基于机器学习的住院患者急性肾损伤可解释预测模型的构建。

Construction of a machine learning-based interpretable prediction model for acute kidney injury in hospitalized patients.

作者信息

Yu Xiang, Wang WanLing, Wu RiLiGe, Gong XinYan, Ji YuWei, Feng Zhe

机构信息

First Medical Center of Chinese PLA General Hospital, Department of Nephrology, First Medical Center of Chinese PLA General Hospital, State Key Laboratory of Kidney Diseases, National Clinical Research Center for Kidney Diseases, Beijing Key Laboratory of Medical Devices and Integrated Traditional Chinese and Western Drug Development for Severe Kidney Diseases，Beijing Key Laboratory of Digital Intelligent TCM for the Preventionand Treatment of Pan-vascular Diseases，Key Disciplines of National Administration of Traditional Chinese Medicine(zyyzdxk-2023310), Beijing, 100853, China.

Medical Innovation Research Division, Chinese PLA General Hospital, Beijing, 100853, China.

出版信息

Sci Rep. 2025 Mar 18;15(1):9313. doi: 10.1038/s41598-025-90459-5.

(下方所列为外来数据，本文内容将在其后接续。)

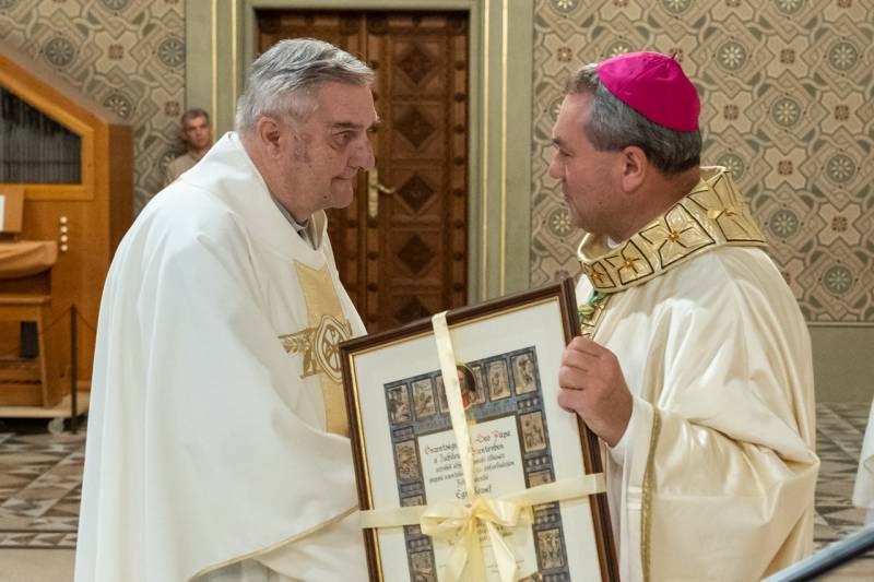 A Pécsi Egyházmegye hagyománya szerint minden évben augusztus 23-án, az egyházmegye alapításának évfordulóján köszöntik a pappá szentelésük valamely kiemelkedő jubileumát ünneplő lelkipásztorokat. 2025-ben öt egyházmegyés papnak adta át a pápai áldást tartalmazó vatikáni dokumentumot Felföldi László pécsi megyéspüspök a papság jelenlétében a pécsi székesegyházban celebrált ünnepi szentmisén.

DOI:10.1038/s41598-025-90459-5

PMID:40102467

原文链接:https://pmc.ncbi.nlm.nih.gov/articles/PMC11920398/

Abstract

In this observational study, we used data from 59,936 hospitalized adults to construct a model. For the models constructed with all 53 variables, all five models achieved acceptable performance with the validation cohort, with the extreme gradient boosting (XGBoost) model showing the best predictive efficacy and stability (area under the curve (AUC), 0.9301). For the simpler models constructed with 39 significant variables screened by the random forest recursive feature elimination method, the XGBoost model also had the best performance (AUC, 0.9357). All the models showed significant net returns according to decision analysis curves, and the XGBoost model achieved the optimal results. In addition, the Shapley additive explanation (SHAP) importance matrices revealed that uric acid, colloidal solution, first creatinine value on admission, pulse and albumin represented the top five most important variables for both modeling strategies. With the external validation cohort based on 4022 hospitalized patients, the performance of all models declined, among which the Support vector machine (SVM) model showed the best predictive efficacy (AUC, 0.8230 and 0.8329), followed by the XGBoost model (0.8124 and 0.8316). Thus, our model can predict the occurrence and risk of acute kidney injury (AKI) up to 48 h in advance, enabling clinicians to assess the risk of AKI in hospitalized patients more accurately and intuitively and to develop necessary AKI management strategies.

摘要

在这项观察性研究中，我们使用了来自59936名住院成人的数据来构建一个模型。对于用所有53个变量构建的模型，所有五个模型在验证队列中均表现出可接受的性能，其中极端梯度提升（XGBoost）模型显示出最佳的预测效果和稳定性（曲线下面积（AUC）为0.9301）。对于用随机森林递归特征消除方法筛选出的39个显著变量构建的更简单模型，XGBoost模型也具有最佳性能（AUC为0.9357）。根据决策分析曲线，所有模型均显示出显著的净收益，且XGBoost模型取得了最优结果。此外，夏普利加性解释（SHAP）重要性矩阵显示，尿酸、胶体溶液、入院时首次肌酐值、脉搏和白蛋白是两种建模策略中最重要的五个变量。在基于4022名住院患者的外部验证队列中，所有模型的性能均有所下降，其中支持向量机（SVM）模型显示出最佳的预测效果（AUC分别为0.8230和0.8329），其次是XGBoost模型（0.8124和0.8316）。因此，我们的模型可以提前48小时预测急性肾损伤（AKI）的发生和风险，使临床医生能够更准确、直观地评估住院患者发生AKI的风险，并制定必要的AKI管理策略。